## [ASSIGNMENT]
Leave every picture out, and print the full listing again exactly.

## [DATASET SECTION]
[Start of section]

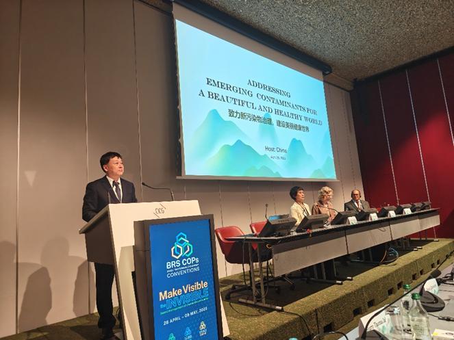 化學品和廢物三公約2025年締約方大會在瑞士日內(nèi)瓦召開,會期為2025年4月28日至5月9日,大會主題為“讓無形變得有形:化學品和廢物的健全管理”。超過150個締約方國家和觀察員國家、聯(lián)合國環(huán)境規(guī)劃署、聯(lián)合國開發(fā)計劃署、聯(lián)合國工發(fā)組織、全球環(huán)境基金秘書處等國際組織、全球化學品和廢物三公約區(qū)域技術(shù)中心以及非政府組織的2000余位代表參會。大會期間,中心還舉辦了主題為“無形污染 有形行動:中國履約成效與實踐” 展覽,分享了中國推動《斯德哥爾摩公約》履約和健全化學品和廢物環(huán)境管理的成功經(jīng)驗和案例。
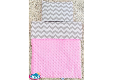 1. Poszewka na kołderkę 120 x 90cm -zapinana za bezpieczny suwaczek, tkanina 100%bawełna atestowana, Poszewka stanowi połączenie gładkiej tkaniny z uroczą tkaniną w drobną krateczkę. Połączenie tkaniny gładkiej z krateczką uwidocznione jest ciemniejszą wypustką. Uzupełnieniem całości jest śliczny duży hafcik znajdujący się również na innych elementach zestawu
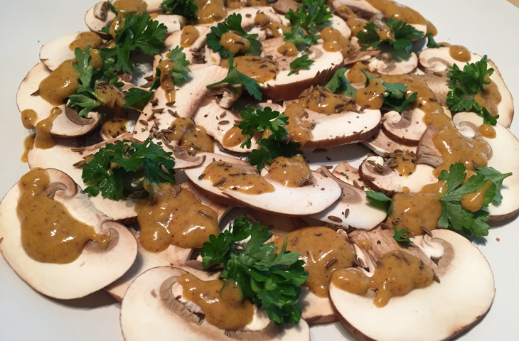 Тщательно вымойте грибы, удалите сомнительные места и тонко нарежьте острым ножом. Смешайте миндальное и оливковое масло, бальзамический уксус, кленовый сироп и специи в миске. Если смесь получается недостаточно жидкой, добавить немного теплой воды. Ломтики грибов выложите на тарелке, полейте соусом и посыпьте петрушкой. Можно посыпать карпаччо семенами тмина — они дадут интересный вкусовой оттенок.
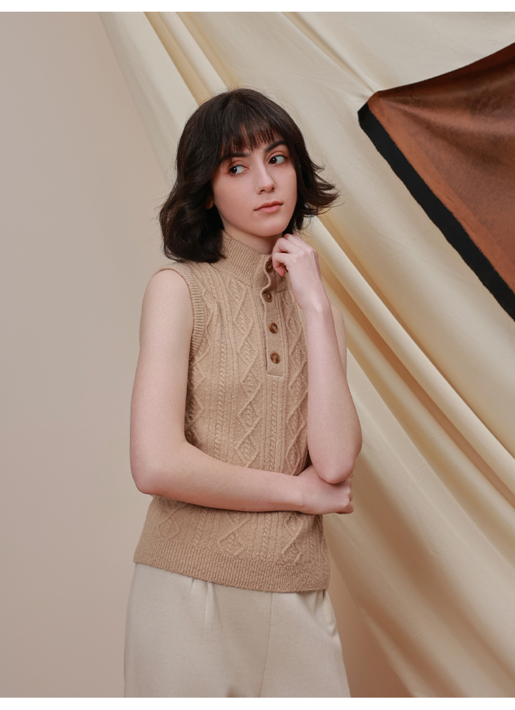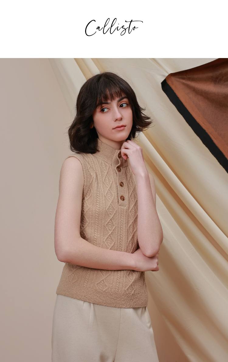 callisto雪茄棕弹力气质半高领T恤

[End of section]

## [ANSWER TO THIS TASK]
 化學品和廢物三公約2025年締約方大會在瑞士日內(nèi)瓦召開,會期為2025年4月28日至5月9日,大會主題為“讓無形變得有形:化學品和廢物的健全管理”。超過150個締約方國家和觀察員國家、聯(lián)合國環(huán)境規(guī)劃署、聯(lián)合國開發(fā)計劃署、聯(lián)合國工發(fā)組織、全球環(huán)境基金秘書處等國際組織、全球化學品和廢物三公約區(qū)域技術(shù)中心以及非政府組織的2000余位代表參會。大會期間,中心還舉辦了主題為“無形污染 有形行動:中國履約成效與實踐” 展覽,分享了中國推動《斯德哥爾摩公約》履約和健全化學品和廢物環(huán)境管理的成功經(jīng)驗和案例。
 1. Poszewka na kołderkę 120 x 90cm -zapinana za bezpieczny suwaczek, tkanina 100%bawełna atestowana, Poszewka stanowi połączenie gładkiej tkaniny z uroczą tkaniną w drobną krateczkę. Połączenie tkaniny gładkiej z krateczką uwidocznione jest ciemniejszą wypustką. Uzupełnieniem całości jest śliczny duży hafcik znajdujący się również na innych elementach zestawu
 Тщательно вымойте грибы, удалите сомнительные места и тонко нарежьте острым ножом. Смешайте миндальное и оливковое масло, бальзамический уксус, кленовый сироп и специи в миске. Если смесь получается недостаточно жидкой, добавить немного теплой воды. Ломтики грибов выложите на тарелке, полейте соусом и посыпьте петрушкой. Можно посыпать карпаччо семенами тмина — они дадут интересный вкусовой оттенок.
 callisto雪茄棕弹力气质半高领T恤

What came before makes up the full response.